Impact of Few Large Deals Buoys Otherwise Quiet Period

Staff Reporter

After three consecutive quarters where more space has been leased than put back onto the market, L.A. County's overall office vacancy rate is at its lowest point in nearly two years.

However, looks can be deceiving.

Without a handful of monster deals, the market struggled to tread water in the June-September period.

Thanks to Electronic Arts Inc.'s 10-year lease for the 243,000-square-foot first phase at Playa Vista's Water's Edge complex and Warner Bros.' 15-year deal for the 455,000-square-foot Studio Plaza building in Burbank, more than 457,000 square feet was absorbed in the third quarter, according to Grubb & Ellis Co.

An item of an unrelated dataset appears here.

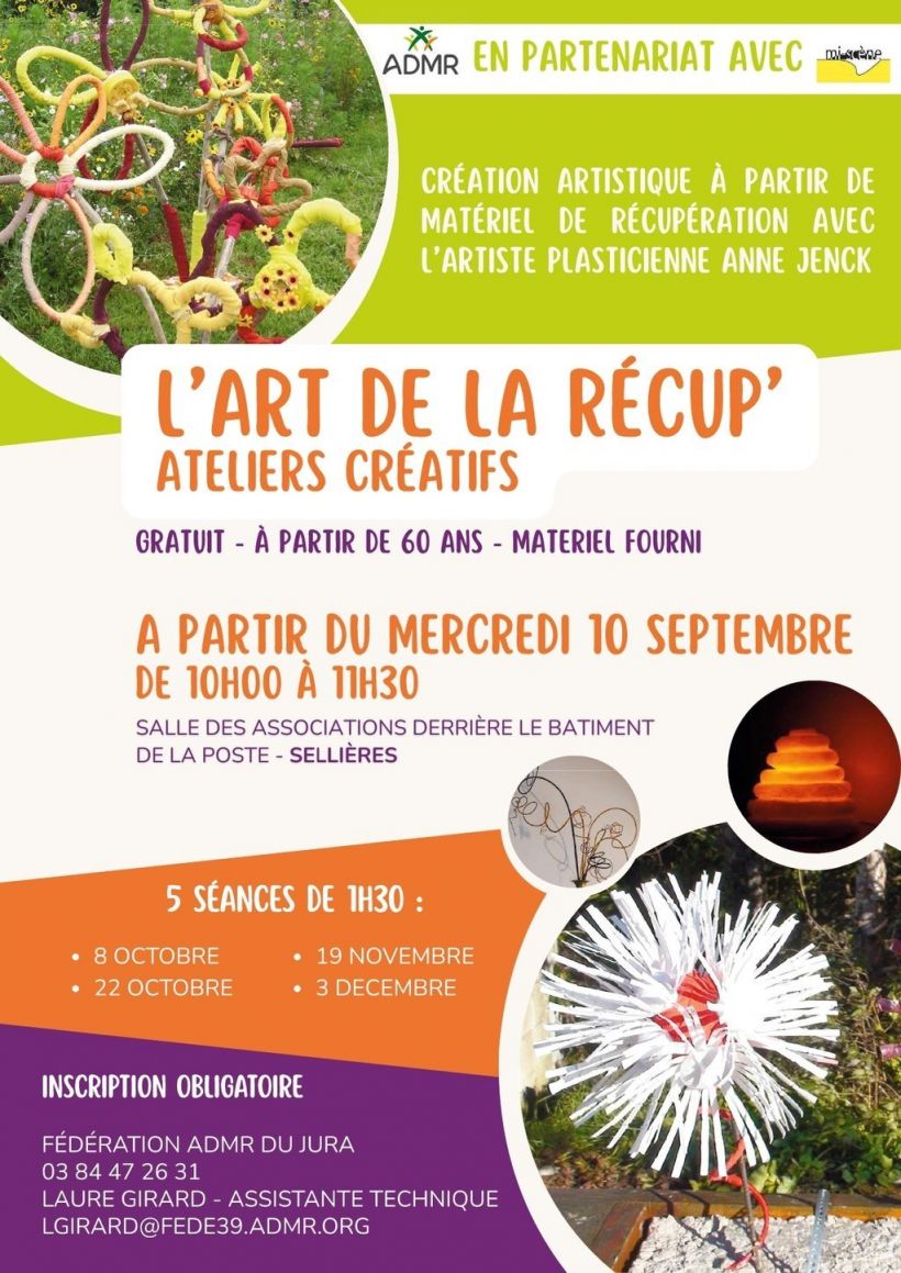 Après les ateliers musicaux de 2023, puis les ateliers d'écriture en 2024, ce sont pour cette année 2025, des ateliers autour de l'art plastique qui seront prochainement proposés par l'ADMR du Jura, et animés par Anne JENCK, artiste plasticienne !

As a result, countywide office vacancy in the July-September period was 15.8 percent, down from 16.2 percent for the second quarter and 16.5 percent for the year-earlier quarter.

Still, without the EA deal, worth about $100 million over its term, the wider market essentially held steady.

Rather than taking vast chunks of space off the market, an indicator of business expansion, much of the activity was in lease renewals or modest movement to comparable space within submarkets.

The Westside's second-largest lease was Home Box Office's deal to move into 110,000 square feet at Santa Monica's Colorado Center (formerly MGM Plaza), leaving Century Plaza Towers in Century City. In the South Bay, where a whopping 258,000 more square feet of space was put back on the market than absorbed, Comerica Inc. was putting the finishing touches on a deal that would move its South Bay operations to the Atrium at Continental Park in El Segundo from the Century Boulevard corridor.

"There's moving around within the submarkets," said Matthew Miller, principal at CRESA Partners. "We see transactions but no net growth."

Meanwhile, landlords continue to be more aggressive with rental rates in order to spur activity. Class-A asking rates, down 7 percent over the past two years, have fallen for 10 straight quarters, dropping to $2.38 a foot from a recent high of $2.58 in early 2001, spurring activity from tenants believing that the bottom of the market is near.

"It's hard to imagine there's true tightening in the market," said Bruce Schuman, senior vice president at tenant rep firm Studley. "I would be hard-pressed to find a single deal where economics were better for the landlord than six months ago."

Outside the Westside, where the bulk of third quarter absorption was recorded due to the EA deal, the strategy appears to have worked. The downtown, Tri-Cities, San Gabriel Valley and San Fernando Valley markets none of which had increased asking rates were all in positive territory on absorption.

Downtown, a number of renewals and expansions for service-based firms in the 30,000 to 60,000-square-foot range caused the submarket to absorb more than 208,000 square feet during the quarter.

While Tri-Cities was largely buoyed by the Warner Bros. deal at 3400 Riverside Drive worth about $250 million smaller firms continued to absorb space in growing markets like Santa Clarita and the San Gabriel Valley.

Additionally, continued investment activity in downtown indicates the belief among investors that between some product being removed from the market through residential conversions and large tenants shopping for space, things will tighten up shortly.

On tap for conversion to residential use are the perennially vacant 1100 Wilshire and the Roosevelt Building, and major tenants SBC Communications Inc. and Bank of America are looking for more than 200,000 and 300,000 square feet, respectively. As a result, vacancies, which have hovered between 16 percent and 22 percent for the past three years, are expected fall further.

Investing interest

That prospect has fueled an ongoing rush of investment activity as buyers looked at the prospect of lower vacancies spurring an increase in rents in the not-too-distant future.

Third quarter deals included Mani Bros.' $105 million purchase of 801 Tower at 801 Figueroa St. and Beacon Capital Partners LLC's $90 million buy of a 50 percent share in Citibank Center. Meanwhile, Maguire Properties Inc. entered into an agreement to buy One California Plaza for $225 million while Transwestern Investment Co. is nearing a deal to buy Aon Center for about $120 million.

"There are more dollars than tenants chasing buildings right now," said Jim Kruse, executive vice president at Grubb & Ellis.

Meanwhile, countywide industrial vacancies hit their lowest levels in at least three years, as the third quarter vacancy rate was 3 percent, down from 3.1 percent for the second quarter and 4.1 percent for the year-earlier quarter.

In markets like Central Los Angeles and the San Gabriel Valley, where produce and import/export industries continue to thrive, the market was even tighter, with Central L.A. posting a scant 1.8 percent vacancy rate.

Because of the lack of available space, countywide sale and lease activity for the third quarter, at 12.1 million square feet, was up from 10.7 million square feet in the second quarter but down about 12 percent from 13.7 million square feet for the year-earlier quarter.

"There are 10 buyers for every property out there if it's priced within reason," said Bradford Broyles, senior associate at Grubb & Ellis. "There's nothing to choose from."